Quote all of the data that follows exactly as written, skipping the images.

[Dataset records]
== Segment start ==
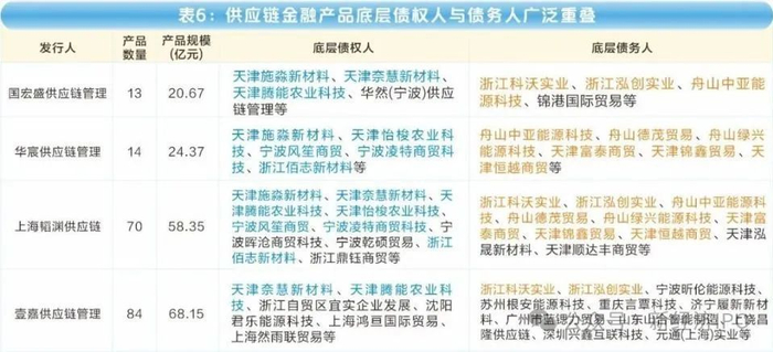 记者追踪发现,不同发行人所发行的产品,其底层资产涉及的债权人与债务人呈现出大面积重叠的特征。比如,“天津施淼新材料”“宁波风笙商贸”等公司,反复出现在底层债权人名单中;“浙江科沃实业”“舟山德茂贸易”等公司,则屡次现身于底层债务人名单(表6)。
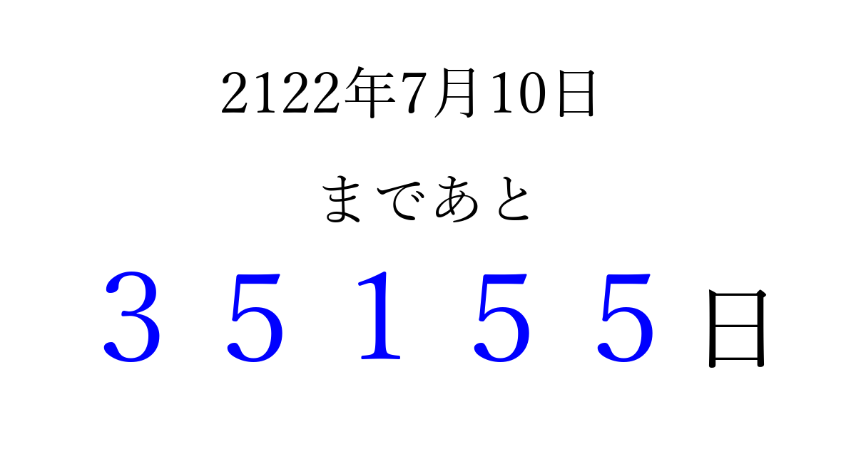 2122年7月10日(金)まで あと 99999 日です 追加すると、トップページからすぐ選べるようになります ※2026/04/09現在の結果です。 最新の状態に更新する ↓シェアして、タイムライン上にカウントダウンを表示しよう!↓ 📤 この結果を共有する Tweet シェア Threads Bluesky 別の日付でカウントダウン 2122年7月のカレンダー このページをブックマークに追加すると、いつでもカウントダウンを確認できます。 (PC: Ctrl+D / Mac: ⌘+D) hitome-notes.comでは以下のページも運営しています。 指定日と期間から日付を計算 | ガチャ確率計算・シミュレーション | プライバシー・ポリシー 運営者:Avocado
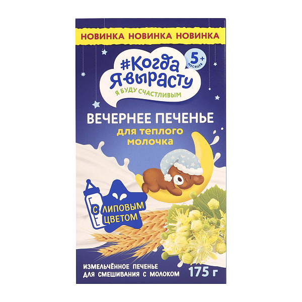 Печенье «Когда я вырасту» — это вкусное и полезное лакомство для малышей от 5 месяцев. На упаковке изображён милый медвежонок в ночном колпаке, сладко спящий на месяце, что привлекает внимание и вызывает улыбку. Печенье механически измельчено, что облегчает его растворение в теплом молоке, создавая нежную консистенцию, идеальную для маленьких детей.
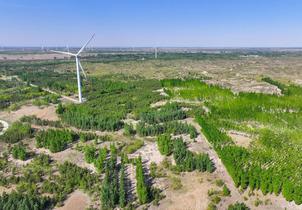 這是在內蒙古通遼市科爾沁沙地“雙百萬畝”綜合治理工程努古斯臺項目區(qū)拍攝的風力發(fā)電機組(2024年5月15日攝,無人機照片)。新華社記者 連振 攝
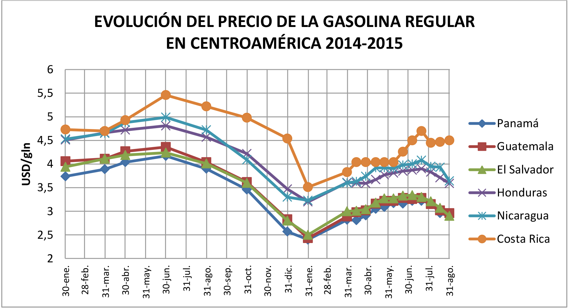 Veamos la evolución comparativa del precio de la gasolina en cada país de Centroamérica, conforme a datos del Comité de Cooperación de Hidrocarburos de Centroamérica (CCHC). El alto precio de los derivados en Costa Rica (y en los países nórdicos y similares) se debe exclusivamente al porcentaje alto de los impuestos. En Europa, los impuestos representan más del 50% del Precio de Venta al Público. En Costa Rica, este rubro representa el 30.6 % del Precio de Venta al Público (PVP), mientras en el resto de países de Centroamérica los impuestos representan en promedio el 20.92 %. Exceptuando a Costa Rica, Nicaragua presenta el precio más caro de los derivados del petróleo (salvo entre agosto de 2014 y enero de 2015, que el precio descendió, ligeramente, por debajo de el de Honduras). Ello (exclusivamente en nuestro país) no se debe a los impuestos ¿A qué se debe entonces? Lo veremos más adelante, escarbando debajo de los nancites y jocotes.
== Segment end ==
COMPLETED EXERCISE:
 记者追踪发现,不同发行人所发行的产品,其底层资产涉及的债权人与债务人呈现出大面积重叠的特征。比如,“天津施淼新材料”“宁波风笙商贸”等公司,反复出现在底层债权人名单中;“浙江科沃实业”“舟山德茂贸易”等公司,则屡次现身于底层债务人名单(表6)。
 2122年7月10日(金)まで あと 99999 日です 追加すると、トップページからすぐ選べるようになります ※2026/04/09現在の結果です。 最新の状態に更新する ↓シェアして、タイムライン上にカウントダウンを表示しよう!↓ 📤 この結果を共有する Tweet シェア Threads Bluesky 別の日付でカウントダウン 2122年7月のカレンダー このページをブックマークに追加すると、いつでもカウントダウンを確認できます。 (PC: Ctrl+D / Mac: ⌘+D) hitome-notes.comでは以下のページも運営しています。 指定日と期間から日付を計算 | ガチャ確率計算・シミュレーション | プライバシー・ポリシー 運営者:Avocado
 Печенье «Когда я вырасту» — это вкусное и полезное лакомство для малышей от 5 месяцев. На упаковке изображён милый медвежонок в ночном колпаке, сладко спящий на месяце, что привлекает внимание и вызывает улыбку. Печенье механически измельчено, что облегчает его растворение в теплом молоке, создавая нежную консистенцию, идеальную для маленьких детей.
 這是在內蒙古通遼市科爾沁沙地“雙百萬畝”綜合治理工程努古斯臺項目區(qū)拍攝的風力發(fā)電機組(2024年5月15日攝,無人機照片)。新華社記者 連振 攝
 Veamos la evolución comparativa del precio de la gasolina en cada país de Centroamérica, conforme a datos del Comité de Cooperación de Hidrocarburos de Centroamérica (CCHC). El alto precio de los derivados en Costa Rica (y en los países nórdicos y similares) se debe exclusivamente al porcentaje alto de los impuestos. En Europa, los impuestos representan más del 50% del Precio de Venta al Público. En Costa Rica, este rubro representa el 30.6 % del Precio de Venta al Público (PVP), mientras en el resto de países de Centroamérica los impuestos representan en promedio el 20.92 %. Exceptuando a Costa Rica, Nicaragua presenta el precio más caro de los derivados del petróleo (salvo entre agosto de 2014 y enero de 2015, que el precio descendió, ligeramente, por debajo de el de Honduras). Ello (exclusivamente en nuestro país) no se debe a los impuestos ¿A qué se debe entonces? Lo veremos más adelante, escarbando debajo de los nancites y jocotes.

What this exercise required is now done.